The cooling of the mould or the extrusion head, and the consequent solidification of the polymer material contained therein, is generally carried out by contact with a cooling liquid, for example water, conveyed by flowing through a suitable circuit. In this circuit, the cooling liquid comes into contact with an evaporation unit of a chiller assembly which brings it to a desired temperature which is sufficiently low to enable the mould or extrusion head to be cooled in the shortest possible time.

The polymer material loaded into the hopper and then fed to the moulding or extrusion apparatus is formed by a plurality of solid elements which are distinct and separate from one another, and are of suitable sizes and shapes, according to the working process to be performed and to the polymer material used.

In the present description and in the attached claims, this plurality of solid elements is indicated as a whole by the term "bulk material" (in accordance with the English term commonly used in this field), and comprises polymer material in the form of granules or powder or flakes, or alternatively in the form of semi-finished products as in the case of preforms supplied to a blowing apparatus for the production of plastic bottles. To promote the efficient and correct execution of the subsequent conversion step, the polymer material present in the hopper is properly treated, according to the type of subsequent processing and the specific properties of the polymer.

For example, it is known to heat the polymer material so as to reduce the time and energy required for the moulding or extrusion apparatus to bring the polymer material to a suitable thermal condition for its introduction into the mould or into the extrusion head. Alternatively or additionally, it is known to heat the polymer material so as to eliminate (or at least reduce to an acceptable level) the presence of any water that may be present on the surface of the solid elements forming the bulk material .

For some polymer materials with high hygroscopic properties, for example polyethylene terephthalate (PET), the treatment is not limited to heating but also includes a strong dehumidification of the polymer material, so as to bring its moisture content to a level below about 100 or 50 parts per million (ppm), depending on the field of application .
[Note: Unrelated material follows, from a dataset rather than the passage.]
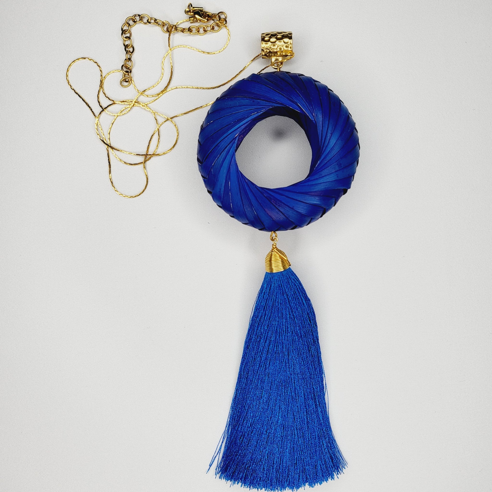 Collar largo con cadena y broche de chapa de oro, aro de palma teñido tejido a mano, y motita larga de hilo. Largo ajustable.

This strong dehumidification of the polymer material will be referred to in the rest of the description and the claims as "drying", and the resulting material will be referred to as "dried".

Actually, the presence of water inside or outside the polymer material supplied to the moulding or extrusion apparatus is entirely undesirable, as it may give rise to defects in the end product.

Transforming apparatuses of this type require a large energy supply for their operation, to the extent that, in many cases, the overall cost of the transforming process is largely determined by the amount spent on energy. In this field, therefore, it is considered to be highly desirable to find new solutions for reducing energy consumption as far as possible. Description of the invention

The problem underlying the present invention is that of providing a process and an apparatus for transforming a bulk polymer material by moulding or extrusion which is structurally and functionally designed to reduce the requisite energy supply.

Within the scope of this general problem, an object of the invention is to provide a solution that can be applied as widely as possible in these transforming processes, regardless of the characteristics of the polymer or the transforming method used.

This problem is resolved and this object is achieved by the present invention by means of a process and an apparatus realized in accordance with the appended claims.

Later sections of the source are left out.